Species-specific databases are available for some species, mainly those that are often used in research (model organisms). For example, EcoCyc is an E. coli database. Other popular model organism databases include Mouse Genome Informatics for the laboratory mouse, Mus musculus, the Rat Genome Database for Rattus, ZFIN for Danio Rerio (zebrafish), PomBase for the fission yeast Schizosaccharomyces pombe, FlyBase for Drosophila, WormBase for the nematodes Caenorhabditis elegans and Caenorhabditis briggsae, and Xenbase for Xenopus tropicalis and Xenopus laevis frogs.
Numerous databases attempt to document the diversity of life on earth. A prominent example is the Catalogue of Life, first created in 2001 by Species 2000 and the Integrated Taxonomic Information System. The Catalogue of Life is a collaborative project that aims to document taxonomic categorization of all currently accepted species in the world. The Catalogue of Life provides a consolidated and consistent database for researchers and policymakers to reference. The Catalogue of Life curates up-to-date datasets from other sources such as Conifer Database, ICTV MSL (for viruses), and LepIndex (for butterflies and moths). In total, the Catalogue of Life draws from 165 databases as of May 2022. Operational costs of the Catalogue of Life are paid for by the Global Biodiversity Information Facility, the Illinois Natural History Survey, the Naturalis Biodiversity Center, and the Smithsonian Institution.
Some biological databases also document geographical distribution of different species. Shuang Dai et al. created a new multi-source database to document spatial/geographical distribution of 1,371 bird species in China, as existing databases had been severely lacking in spatial distribution data for many species. Sources for this new database included books, literature, GPS tracking, and online webpage data.

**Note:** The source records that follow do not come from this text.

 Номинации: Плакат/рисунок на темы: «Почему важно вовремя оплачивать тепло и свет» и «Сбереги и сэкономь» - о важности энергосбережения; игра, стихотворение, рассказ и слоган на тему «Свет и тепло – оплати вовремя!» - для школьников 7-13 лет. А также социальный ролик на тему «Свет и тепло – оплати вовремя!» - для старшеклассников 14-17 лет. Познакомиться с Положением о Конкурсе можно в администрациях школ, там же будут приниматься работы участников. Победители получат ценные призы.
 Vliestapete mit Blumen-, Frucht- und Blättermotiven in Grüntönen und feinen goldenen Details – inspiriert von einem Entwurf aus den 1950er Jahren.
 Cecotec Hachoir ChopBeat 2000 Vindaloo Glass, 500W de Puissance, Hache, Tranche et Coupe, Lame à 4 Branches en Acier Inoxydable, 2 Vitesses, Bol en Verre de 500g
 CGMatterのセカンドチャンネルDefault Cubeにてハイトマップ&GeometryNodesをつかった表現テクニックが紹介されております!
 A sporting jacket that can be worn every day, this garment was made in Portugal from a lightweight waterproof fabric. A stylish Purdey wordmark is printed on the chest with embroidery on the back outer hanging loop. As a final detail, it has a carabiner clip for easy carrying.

The new database displayed taxonomy, distribution, species info, and data sources for each species. After completion of the bird spatial distribution database, it was discovered that 61% of known species in China were found to be distributed in regions beyond where they were previously known. 

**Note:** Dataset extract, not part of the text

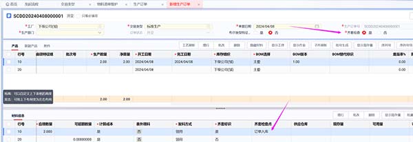然后做生產(chǎn)訂單;表頭的齊套檢查默認(rèn)為是(取交易類型設(shè)置的);材料信息的齊套檢查點(diǎn)為訂單入庫(取物料清單中設(shè)置的)
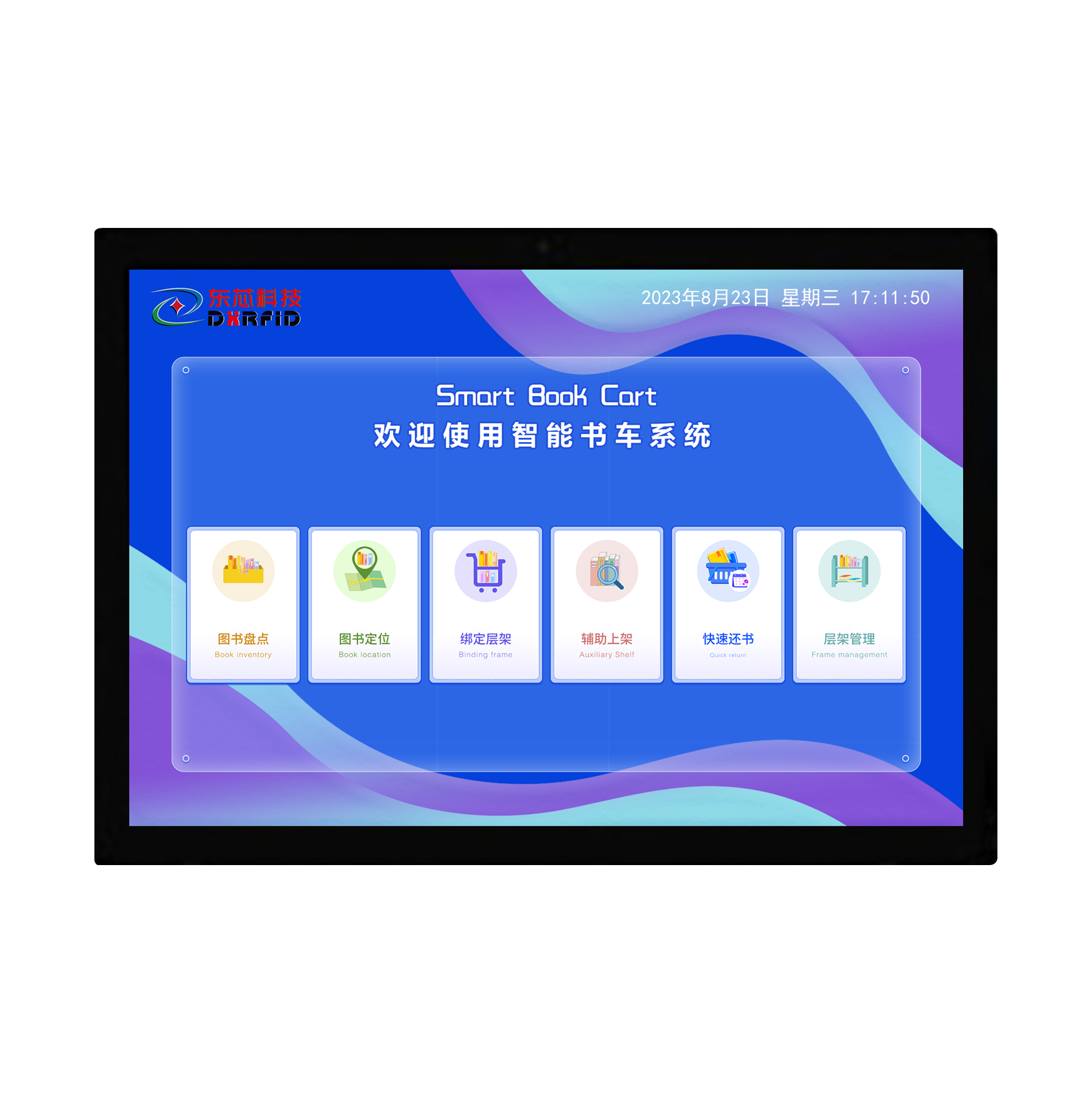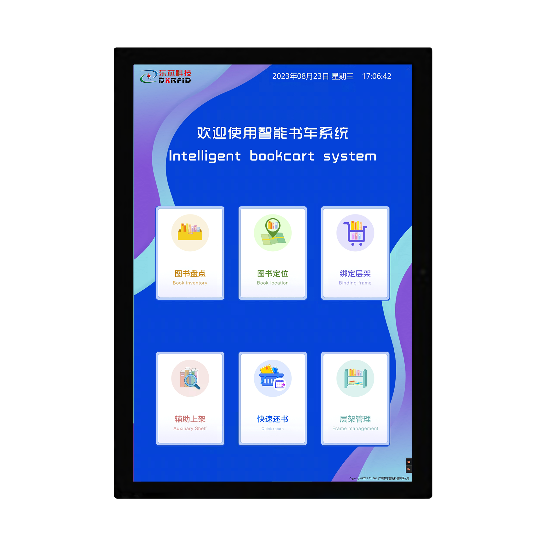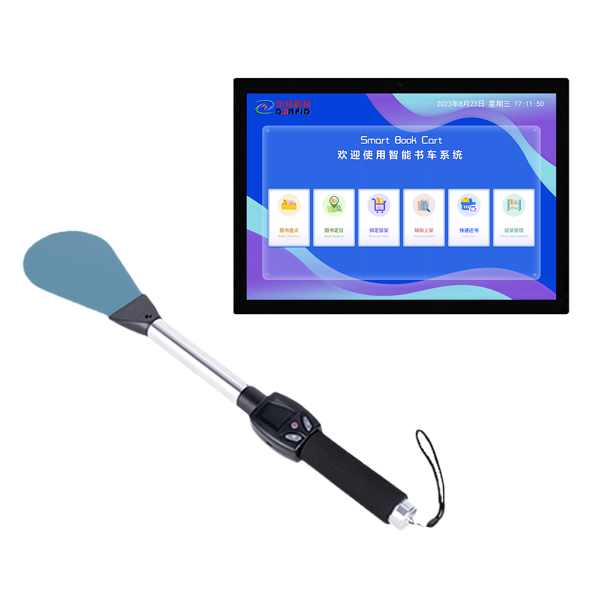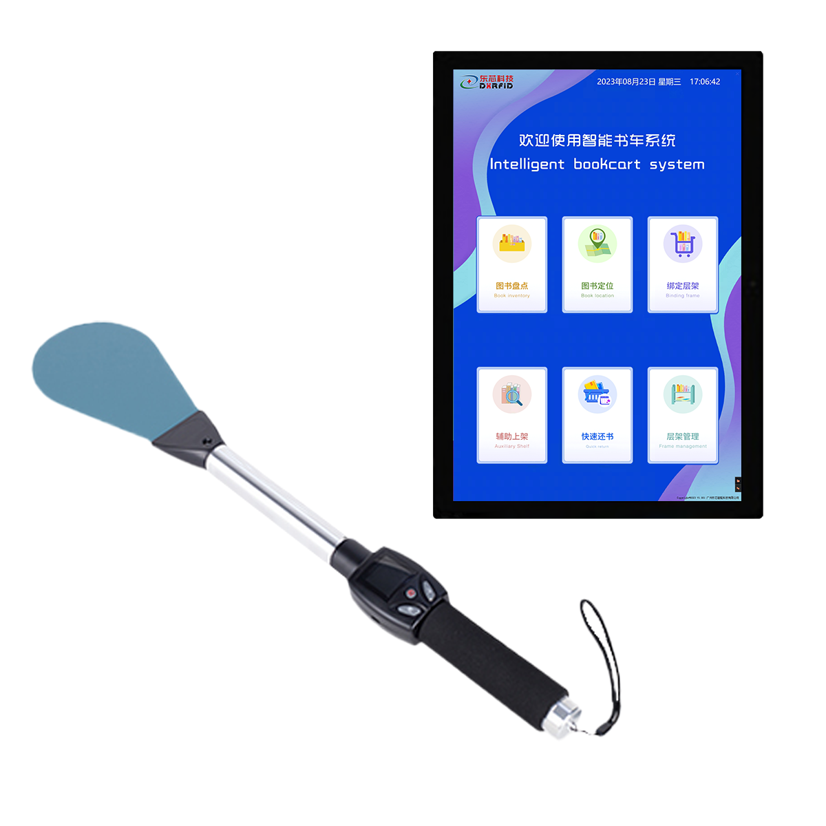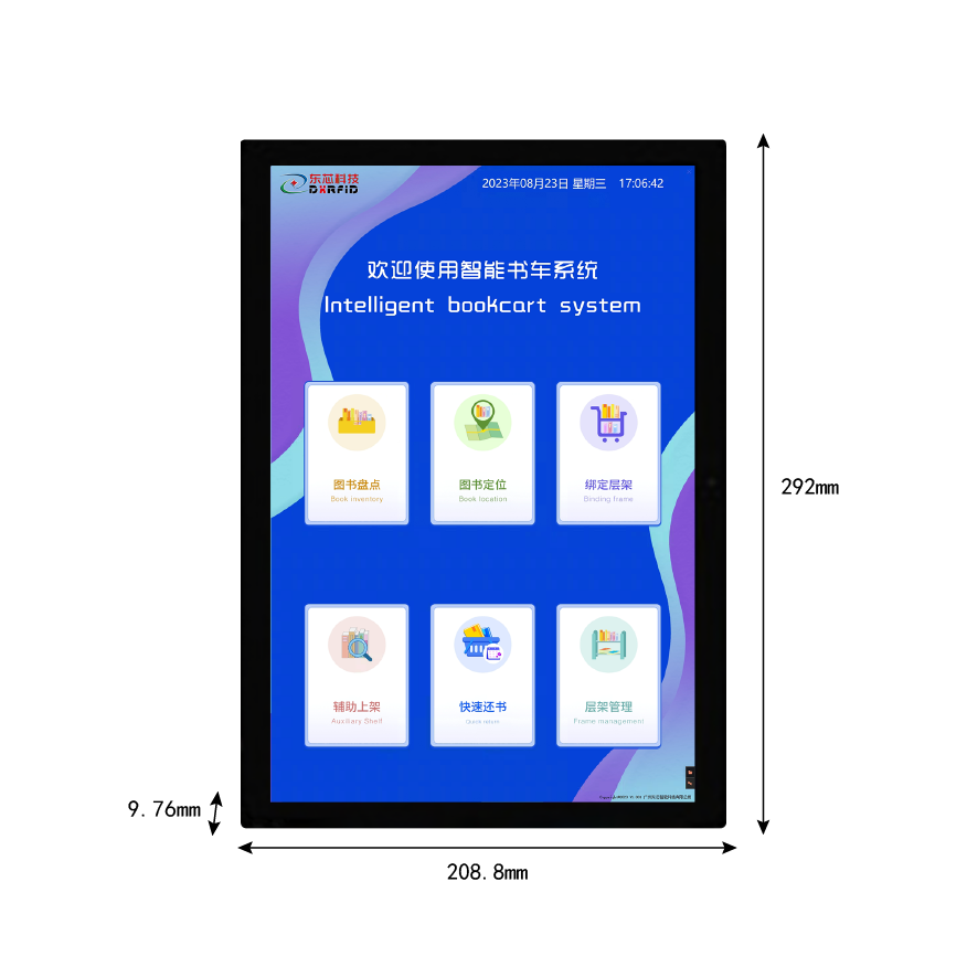 D-SPY-PAN是馆藏书籍管理的新型 RFID 智能化设备,21.5 寸触摸显示屏,简单易操作的人 机交互界面。它可以辅助工作人员对图书馆新书入馆、上架、层架变更、书籍盘点等,有效的提高馆藏精准化、 实时化和高效化。本产品可选配搭载读写器一体机,或者多通道读写器和 ABS 智能书架天线组合,通过快速 还书功能实现高效还书。本产品广泛应用于公共图 书馆、中小学图书馆、档案管理等。

Medical databases are a special case of biomedical data resource and can range from bibliographies, such as PubMed, to image databases for the development of AI based diagnostic software. For instance, one such image database was developed with the goal of aiding in the development of wound monitoring algorithms. Over 188 multi-modal image sets were curated from 79 patient visits, consisting of photographs, thermal images, and 3D mesh depth maps. Wound outlines were manually drawn and added to the photo datasets. The database was made publicly available in the form of a program called WoundsDB, downloadable from the Chronic Wound Database website. 
An important resource for finding biological databases is a special yearly issue of the journal Nucleic Acids Research (NAR). The Database Issue of NAR is freely available, and categorizes many of the public biological databases. A companion database to the issue called the Online Molecular Biology Database Collection lists 1,380 online databases. Other collections of databases exist such as MetaBase and the Bioinformatics Links Collection.